_Exercise instructions_:
Without the pictures, give the listing below again exactly.

Start of Information supplied

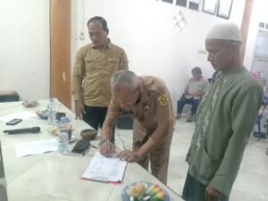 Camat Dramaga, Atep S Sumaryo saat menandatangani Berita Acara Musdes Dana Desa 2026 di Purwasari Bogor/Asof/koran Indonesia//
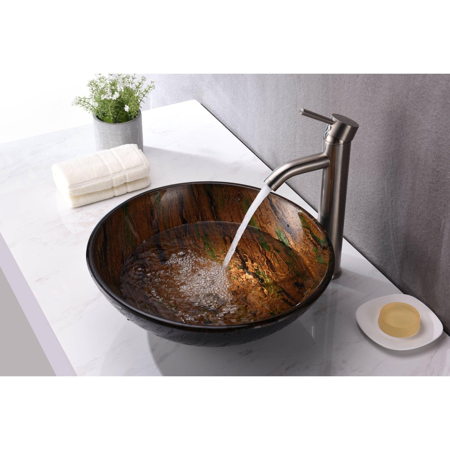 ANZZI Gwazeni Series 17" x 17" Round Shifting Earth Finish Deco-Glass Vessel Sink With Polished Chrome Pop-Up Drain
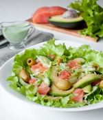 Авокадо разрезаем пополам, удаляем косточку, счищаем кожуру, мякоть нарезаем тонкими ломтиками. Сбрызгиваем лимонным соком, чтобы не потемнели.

End of Information supplied

_Task output_:
 Camat Dramaga, Atep S Sumaryo saat menandatangani Berita Acara Musdes Dana Desa 2026 di Purwasari Bogor/Asof/koran Indonesia//
 ANZZI Gwazeni Series 17" x 17" Round Shifting Earth Finish Deco-Glass Vessel Sink With Polished Chrome Pop-Up Drain
 Авокадо разрезаем пополам, удаляем косточку, счищаем кожуру, мякоть нарезаем тонкими ломтиками. Сбрызгиваем лимонным соком, чтобы не потемнели.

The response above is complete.